Dataset entries.
------------

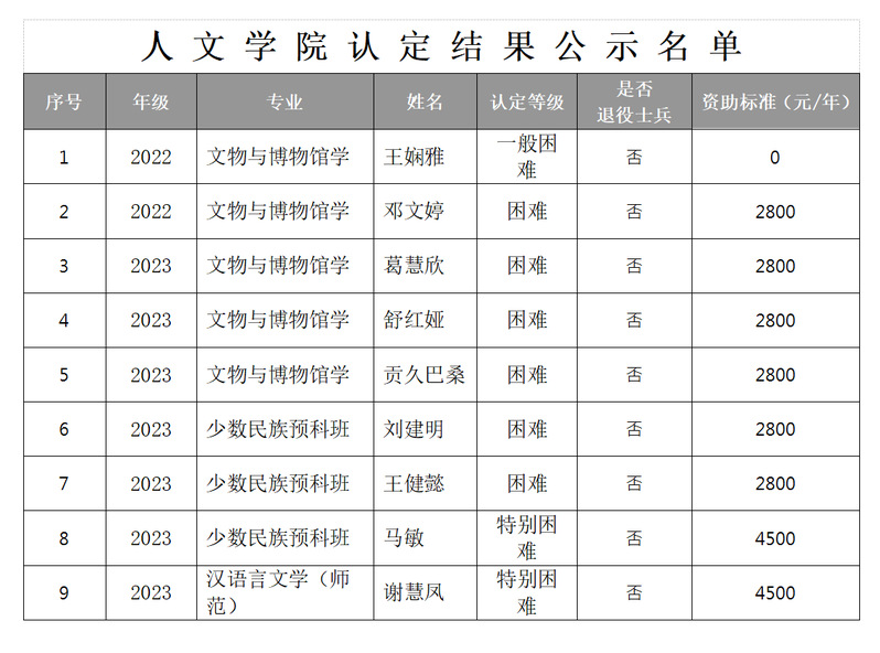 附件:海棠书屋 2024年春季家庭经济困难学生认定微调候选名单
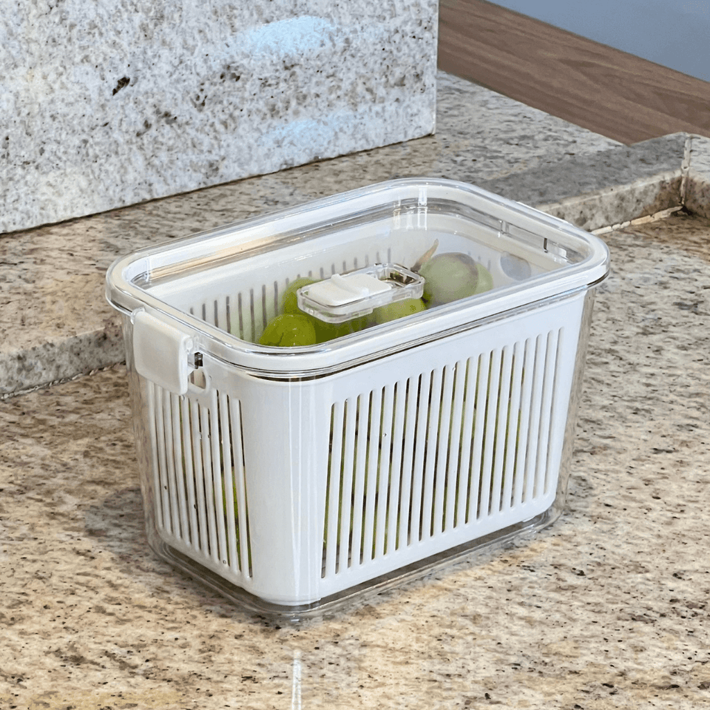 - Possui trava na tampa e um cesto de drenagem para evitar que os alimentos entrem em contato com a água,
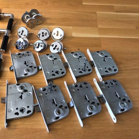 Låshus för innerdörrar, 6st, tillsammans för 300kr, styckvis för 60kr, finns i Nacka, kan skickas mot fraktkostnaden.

------------

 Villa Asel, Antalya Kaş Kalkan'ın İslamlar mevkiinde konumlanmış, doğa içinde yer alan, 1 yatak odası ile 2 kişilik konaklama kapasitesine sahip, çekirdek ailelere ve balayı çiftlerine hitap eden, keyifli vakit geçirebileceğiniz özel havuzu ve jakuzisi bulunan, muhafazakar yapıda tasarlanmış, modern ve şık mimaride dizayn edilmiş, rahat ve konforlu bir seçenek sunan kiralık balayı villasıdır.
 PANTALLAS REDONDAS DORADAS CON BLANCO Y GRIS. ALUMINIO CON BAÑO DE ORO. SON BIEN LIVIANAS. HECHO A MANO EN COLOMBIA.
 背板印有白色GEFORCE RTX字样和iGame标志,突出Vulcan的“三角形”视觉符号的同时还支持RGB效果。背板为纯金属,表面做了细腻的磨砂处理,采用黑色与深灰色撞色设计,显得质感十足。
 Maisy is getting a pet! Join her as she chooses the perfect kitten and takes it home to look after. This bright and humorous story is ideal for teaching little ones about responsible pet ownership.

------------

Required work.
Find the line with "背板印有白色GEFORCE RTX字样和" in the material above. Reproduce it and each line after it up to and including the line with "Maisy is getting".

Answer space.
 背板印有白色GEFORCE RTX字样和iGame标志,突出Vulcan的“三角形”视觉符号的同时还支持RGB效果。背板为纯金属,表面做了细腻的磨砂处理,采用黑色与深灰色撞色设计,显得质感十足。
 Maisy is getting a pet! Join her as she chooses the perfect kitten and takes it home to look after. This bright and humorous story is ideal for teaching little ones about responsible pet ownership.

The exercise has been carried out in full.